Nope does not fog. It is a soft wax that you put into a ceramic warmer (no flame just a lightbulb) The lightbulb warms the ceramic, hence the name warmer. It does not get hot to the touch. The wax melts at a low temperature and it is a carrier for the scented oils in it. The wax can also spill all over a pet or kid and it will not burn them. Unlike the other warmers I have, the wax will not boil or steam or basically cook and burn lol.
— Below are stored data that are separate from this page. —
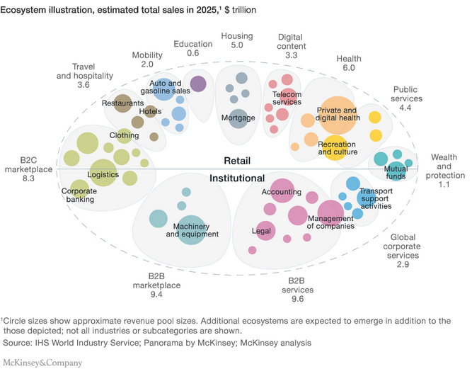 Traditional management consultancies, such as McKinsey, have rightly illustrated that vertical industries, as one example, are now ‘going horizontal’, such that supply chain infrastructures can actually share, and must share, resources, due to changing economic conditions. These are typically thought of as product or market ecosystems.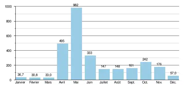 Le débit moyen mensuel observé en février (minimum d'étiage) est de 30,8 m3/s, soit 3 % du débit moyen du mois de mai (982 m3/s), ce qui souligne la forte amplitude des variations saisonnières. Et les écarts de débits mensuels peuvent être encore bien plus importants d'après les années : sur la durée d'observation de 29 ans, le débit mensuel minimal a été de 8,22 m3/s en - année de sécheresse mémorable qui fit des millions de victimes dans la Russie soviétique à ses débuts -, tandis que le débit mensuel maximal s'élevait à 1 600 m3/s en . En ce qui concerne la période libre de glace (de mai à octobre inclus), le débit minimal observé a été de 10,9 m3/s en .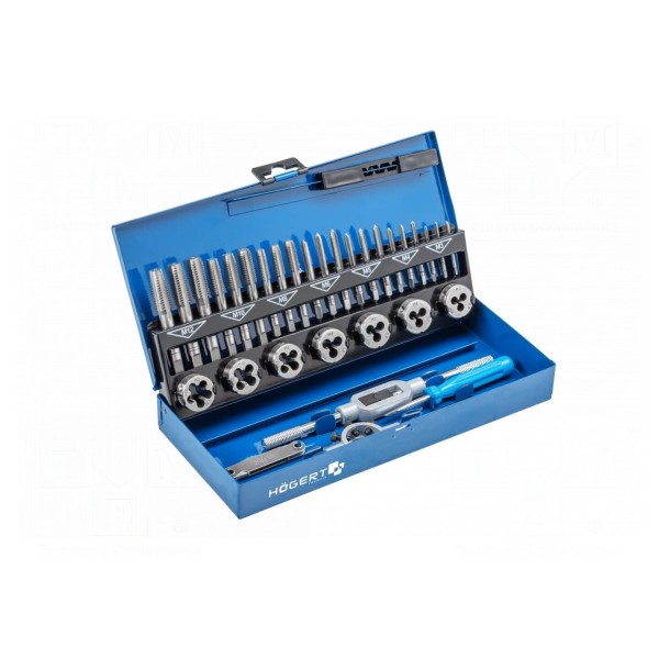 W skład zestawu wchodzi łącznie 32 elementy, co zapewnia obsługę różnych średnic gwintów. W zestawie: gwintowniki, narzynki, uchwyt do gwintowników, uchwyt do narzynek.

They also carry creams, sprays, kids toys, laundry detergent (an entire line), soaps, air fresheners, scent packs for drawers and to put into the toys to scent them, body sprays, lip balm, etc
If a dog or child tries to eat the wax or scent beads in the scent packs it wont taste very good but it will not harm them (or so they say).


----------



## indreamx (Dec 5, 2013)

Where can u get scenisy?


----------



## The Guy (Nov 26, 2010)

Fishy_Addiction said:


> Those aren't good for you.
> 
> I stick with organic incense and essential oils. The air is not heavy, it is natural, and smells real.
> 
> ...


I suggest you do a little research on this product, as I said I was skeptical as well about the scent being too heavy and it really is not at all I find.
I'm kind of an open the window guy for fresh air, but in the dead of winter these seem to work ok.


----------



## skabooya (Jun 15, 2010)

indreamx here is the link to my consultant. I currently have a party open for the rest of this week. If you want anything it will get shipped right to your door. 
https://deanabuller.scentsy.ca/Scentsy/Home

I am seriously a fan of this stuff. You can also see if there is a consultant in your area and order from them. I strongly suggest starting with scents in the favorites section as they are faves for a reason. The majority of people like those. Also, the smells are exactly as stated. ex There is one called newborn nursery and it smells just like baby powder/baby cream and maybe a hint of baby butt cream lol. But overall a strong baby powder smell. Another is tomato vine and it smells EXACTLY like my mom and grandmothers greenhouse. Just like tomato vines lol. Blueberry cheesecake (which I am getting) smells JUST LIKE BLUEBERRY CHEESECAKE! Perk me up smells like my fav mocha coffee from a quality coffee house.


----------



## skabooya (Jun 15, 2010)

PS they have a line just for men too. There are others that I think should be in the man line as well but they are not. By the Sea and Heartbreaker come to mind. I like those. My husband thinks By the sea is alright. He is more into the fruity smells lol. My son loves Pinapple Sorbet. It smells just like a pinapple sorbet and you can mix the wax to create new recipe smells for your home.


----------



## indreamx (Dec 5, 2013)

Ohhh i thought this was something that you could pick up in stores. I see that it is a direct marketing. Im out. Thanks for the info.


----------